Марта засмеялась ехидным смехом.
— Я же тебе утром предлагала — давай приеду! А ты что мне
сказал?
— Что я тебе сказал?
— Ты мне сказал: я вечером позвоню. А как без машины
остался, так приезжай, моя душечка! А я, между прочим, нежная, ранимая и вообще
застенчивая. А ты меня используешь в личных целях.
— Не использую. Ты приедешь или нет?
— Да! — радостно сказала она в трубку. Так ей хотелось к
нему приехать, что она даже побаивалась слегка, как бы он не передумал. Нужно
не забыть выключить мобильный, как только она выйдет из ванной. Чтобы Данилов
не смог ничего отменить. — Где тебя искать и когда? Я быстро не смогу, только
часа через полтора.
— Ты помнишь, где живет Веник?
— Улицу помню. А дом и квартиру нет.
— Квартира тебе не нужна, я не хочу, чтобы ты поднималась.

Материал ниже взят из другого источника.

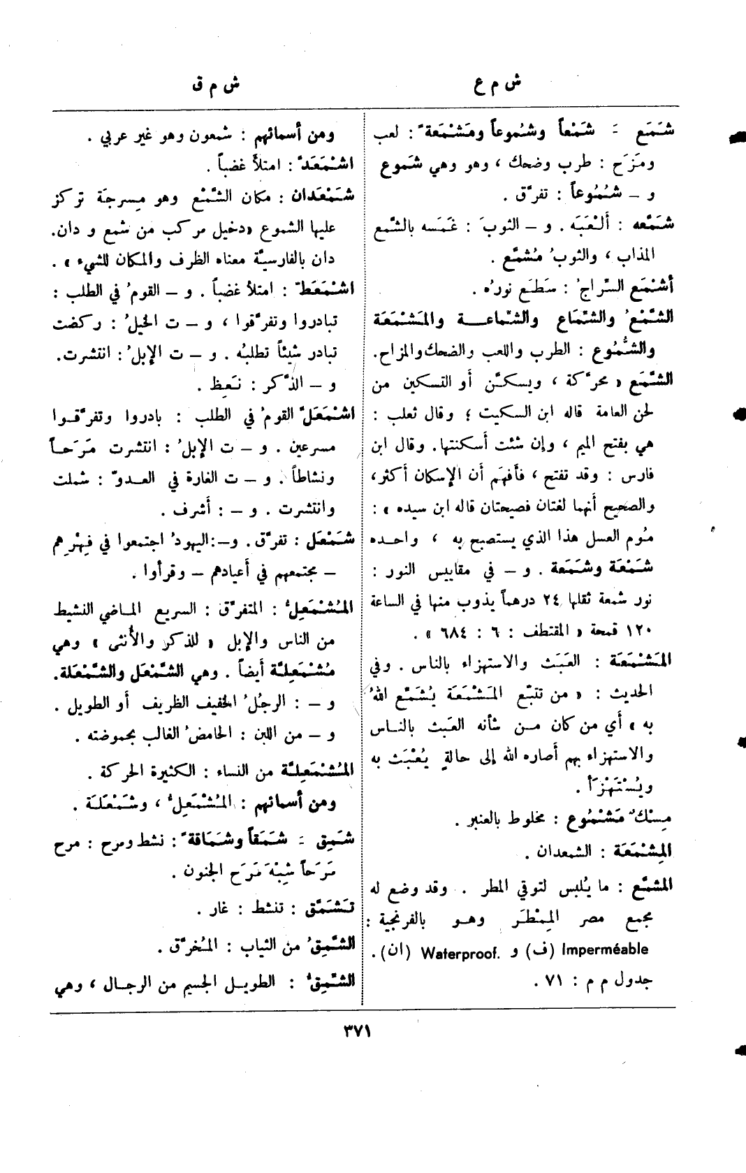 الشمع والشماع والشماعة والمشمعة والشموع: الطرب واللعب والضحك والمزاح. الشمع "محركة، ويسكن أو التسكين من لحن العامة قاله ابن السكيت؛ وقال ثعلب: هي يفتح الميم، وإن شئت أسكنتها. وقال ابن فارس: وقد تفتح، فأفهم أن الإسكان أكثر والصحيح أنهما لغتان فصيحتان قاله ابن سيده": موم العسل هذا الذي يستصبح به، واحده شمعة وشمعة. و- في مقاييس النور: نور شمعة ثقلها 24 درهماً يذوب منها في الساعة 120 قمحة "المقتطف: 6: 684".

Дом четыре, корпус два. Третий подъезд, если заезжать со стороны области. Через
полтора часа я буду ждать тебя у подъезда, — распорядился Данилов, обретя почву
под ногами. — Кстати, если хочешь, можешь до завтра остаться у меня.
— А как же Лида?! Опять мимо романтического свидания?!

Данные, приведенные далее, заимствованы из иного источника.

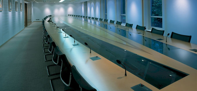 多功能會(huì)議廳操控平臺(tái)系統(tǒng)、多功能會(huì)議廳、系統(tǒng)集成綜述、智能集中控制系統(tǒng)是用來集中控制單個(gè)或多個(gè)會(huì)議場所內(nèi)所有設(shè)備,包括各種子系統(tǒng)及各種設(shè)備電源的開關(guān)、現(xiàn)場燈光的調(diào)節(jié)、屏幕的升降、窗簾的開合,各種多媒體設(shè)備的操作等等。用戶只需在一個(gè)彩色觸摸屏上即可實(shí)現(xiàn)對(duì)所有系統(tǒng)設(shè)備的控制操作。

— Пока, — попрощался Данилов.
— Если бы ты был на машине, — успела напоследок выпалить
Марта, — ты бы мне и не позвонил. Тебе нужна моя машина, а не я!
— Пока, — повторил Данилов и сунул трубку в карман.

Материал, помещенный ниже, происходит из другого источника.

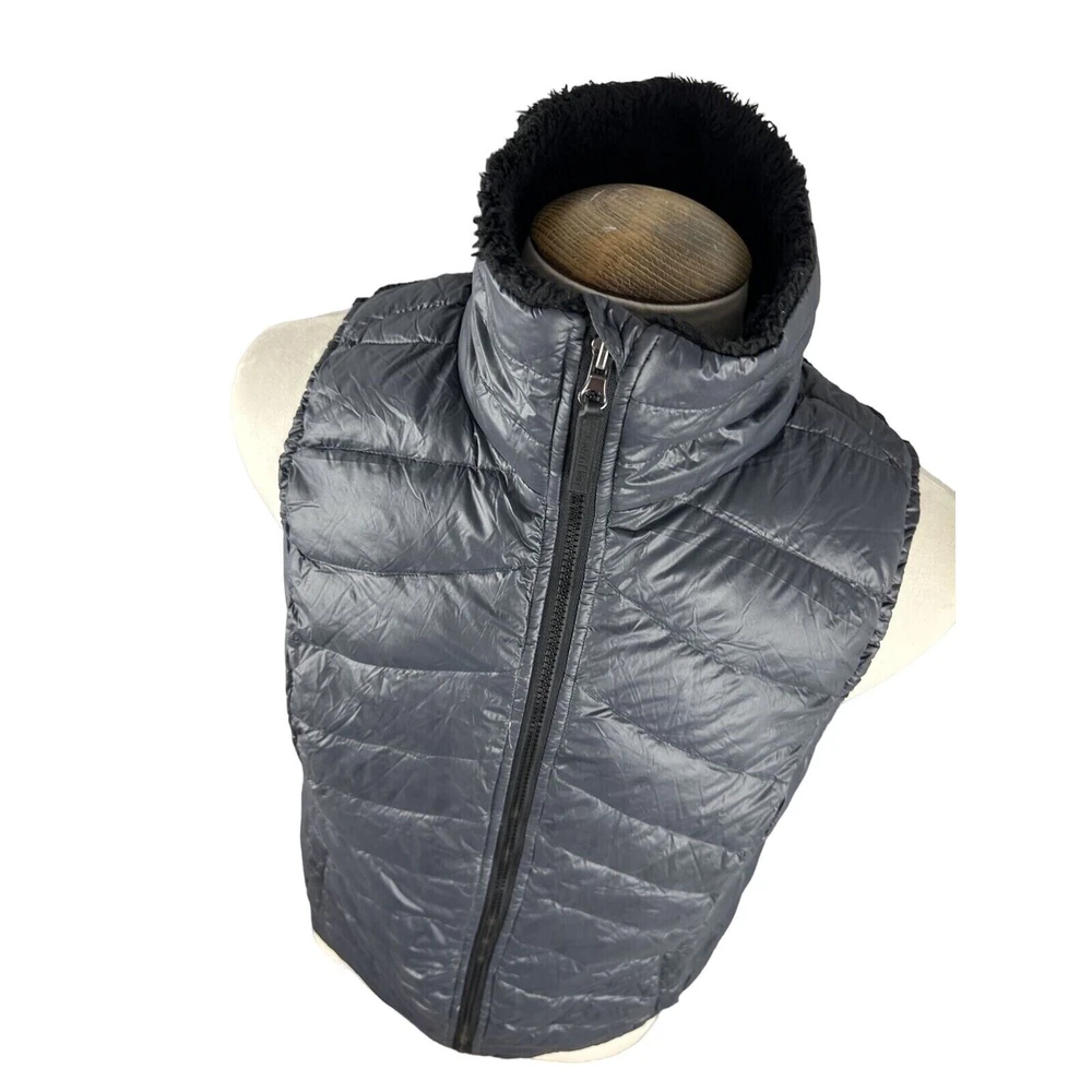 This Calvin Klein Women's Grey Jacket Gilet in size XL is a stylish and warm option for various occasions like travel, parties, workwear, and more. Made from wind-resistant nylon with a quilted design, the sleeveless gilet features a full zip closure and down insulation for added comfort. The mid-length jacket has a grey colour with no pattern, making it a versatile and fashionable choice for autumn, winter, spring, or summer wear. Perfect for those looking for a designer piece that combines both style and functionality. Pit to Pit: Approx 21" Collar to Hem: Approx 25"

Машина ни при чем, это уж точно.
Он не был готов к разговору с Тарасовым и не был готов к
воспоминаниям и к тому, что ему опять придется оправдываться, на этот раз перед
«другом детства», а не перед матерью, и к кассете на резиновом коврике готов не
был — ни к чему он не был готов из того, что случилось с ним этим утром,
включая ванну с краской, в которой он во сне чуть не утонул. И в детектива он
играл плохо, а времени у него было мало, и Веник, который, зевая, велел купить
сигарет, тоже как будто вытащил камушек из-под его ног, и он как-то покосился,
сдвинулся, поехал, словно в зыбучий песок, и только Марта могла остановить это
ужасное погружение.
Веник жил в новом доме — масса поставленных друг на друга
бетонных плит, облицованных чем-то грязно-белым. В подъезде было сыро,
натоптано, газетные ящики распахнуты и покосились, двери лифта разрисованы
черным, худая кошка, вздрагивая от каждого звука, вылизывала серую лапу, и
дергала ушами, и боялась, в любую секунду готовая бежать, спасаться. Разве
спасешься, убежишь?
Веник, открывший Данилову дверь, оказался почему-то в синей
спортивной кофте и в трусах.
— Здорово, — сказал он, — проходи. Можешь не разуваться, у
меня ремонт.
— Зимой? — удивился Данилов, осторожно протискиваясь между
газетной стеной и залитой побелкой стремянкой. Тут тоже воняло краской, и
Данилов подумал, что этот запах будет теперь преследовать его всю жизнь.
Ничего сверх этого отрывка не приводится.